Policing the Possible: Governing Potential Criminality

An event hosted by LSE Cities

This workshop examined the problem of crime in cities, focusing particularly on the role of public and private security forces in controlling potential criminality. The discussion highlighted the cultural and political processes of imagining and predicting the emergence of future crimes and criminals, and the various technologies used for prevention. How the lived experience of contemporary cities is shaped by these initiatives is a question that will be explored critically across a range of urban locations.

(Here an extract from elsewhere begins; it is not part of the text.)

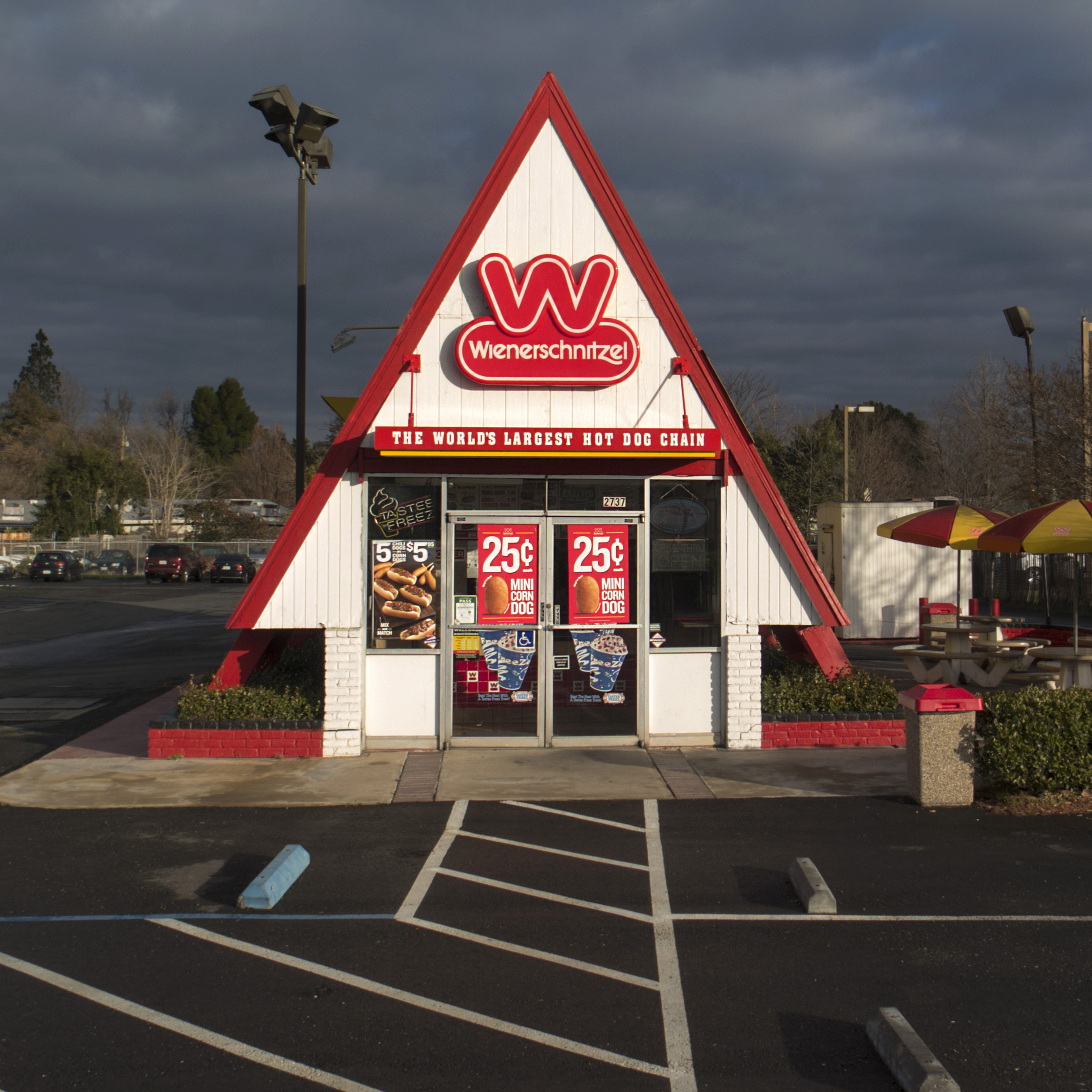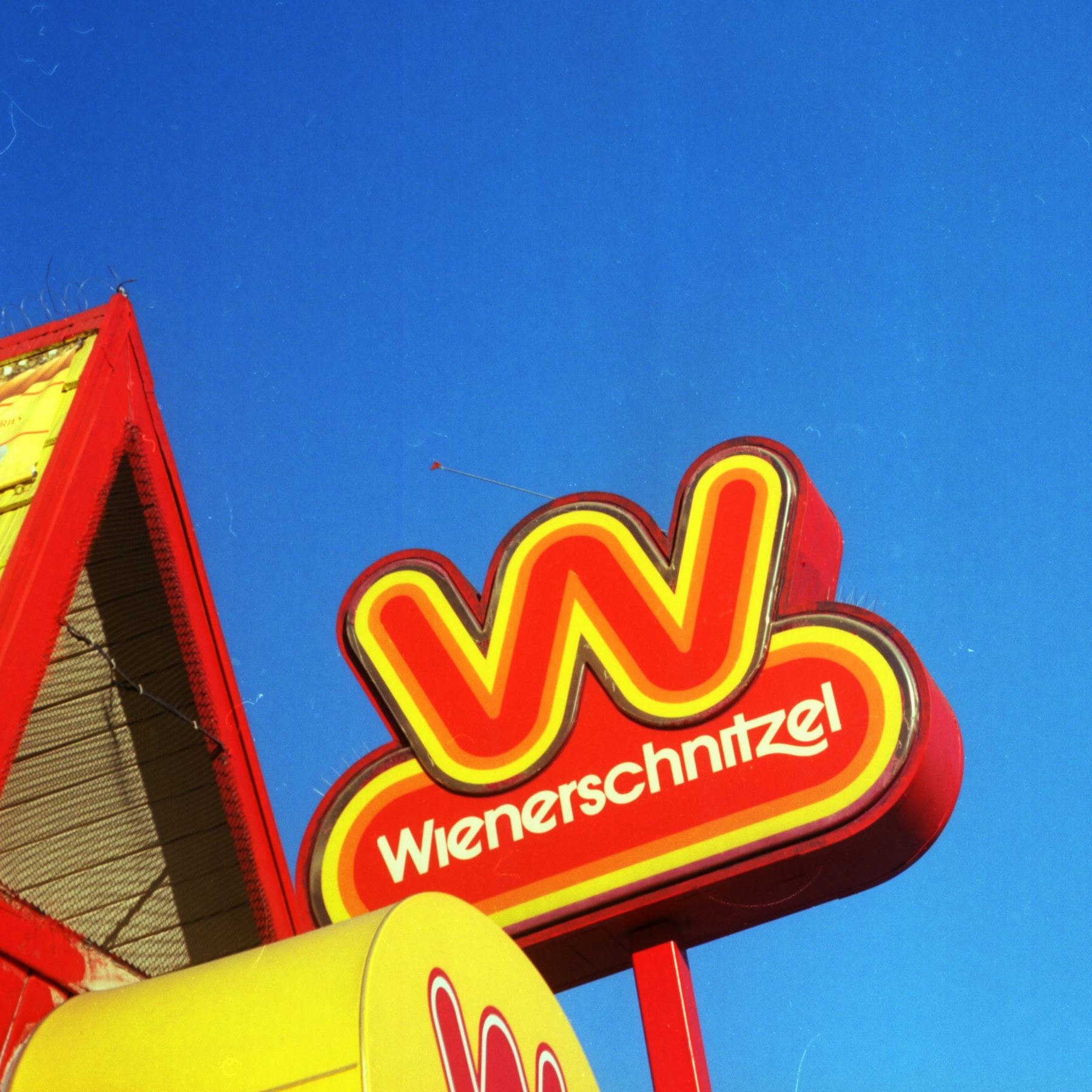 Founded in 1961, Wienerschnitzel is an American fast food chain that specializes in hot dogs (despite the fact that an actual wiener schnitzel has nothing to do with sausages). Saul Bass designed a logo for the company in 1978 and it has mostly survived on all franchise signage ever since. The rounded ‘W’ is most likely custom lettering, but (appropriately) closely resembles Frankfurter. For “Wienerschnitzel”, Bass used ITC Avant Garde Gothic with alternate ‘e’s and ‘c’ as well as a custom swash ‘z’.

The Urban Uncertainty workshop series is an integral part of LSE Cities’ collaborative investigation into emerging ways of envisioning and governing the future of cities. Each session focuses on a different dimension of urban uncertainty, from health and housing to crime and climate, and brings together scholars from a handful of disciplines whose work converges on common themes.

Event materials

Profiles

    Pete Fussey

    Pete Fussey is Professor of Sociology at the University of Essex. His research focuses on security, social control, organised crime and the city. Professor Fussey currently works on two large-scale ESRC and EPSRC funded research projects looking at counter-terrorism in the UK’s crowded spaces and at urban resilience. Recent books include Securing and Sustaining the Olympic City (Ashgate) and Terrorism and the Olympics (Routledge).

    Rivke Jaffe

    Rivke Jaffe is an Associate Professor at the Centre for Urban Studies at the University of Amsterdam. Her anthropological research focuses primarily on intersections of the urban and the political. She is currently starting a five-year research program on public-private security assemblages in Kingston, Jerusalem, Miami, Nairobi and Recife.

    Gareth Jones

    Gareth Jones is Professor of Urban Geography at LSE. He has conducted research on both practices and representation of urban space in Mexico, Colombia, Ecuador, Brazil, India, Ghana and South Africa. He has most recently edited (with Dennis Rodgers) Youth Violence in Latin America: Gangs and Juvenile Justice in Perspective and soon to come is a co-authored book entitled Bringing Youth into Development. His recent ethnographic work has been with street youth in Mexico

    Robert Samet

    Robert Samet is Visiting Assistant Professor of Legal Studies at the University of Massachusetts, Amherst. His research focuses on law, crime, and forms of political representation in the Americas, with a special emphasis on Venezuela. Currently, he is revising a manuscript based on two years of ethnographic field research on crime journalism in Caracas, and beginning a new project on the political economy of urban security in Latin America.

    Jonny Steinberg

    Jonny Steinberg is Lecturer in the Criminology of Africa at Oxford University. He is the author of several books about everyday life in the wake of South Africa’s transition to democracy including Midlands, about the murder of a white South African farmer, The Number, a biography of a prison gangster, and Three-Letter Plague, which chronicles a young man’s journey through South Africa’s AIDS pandemic.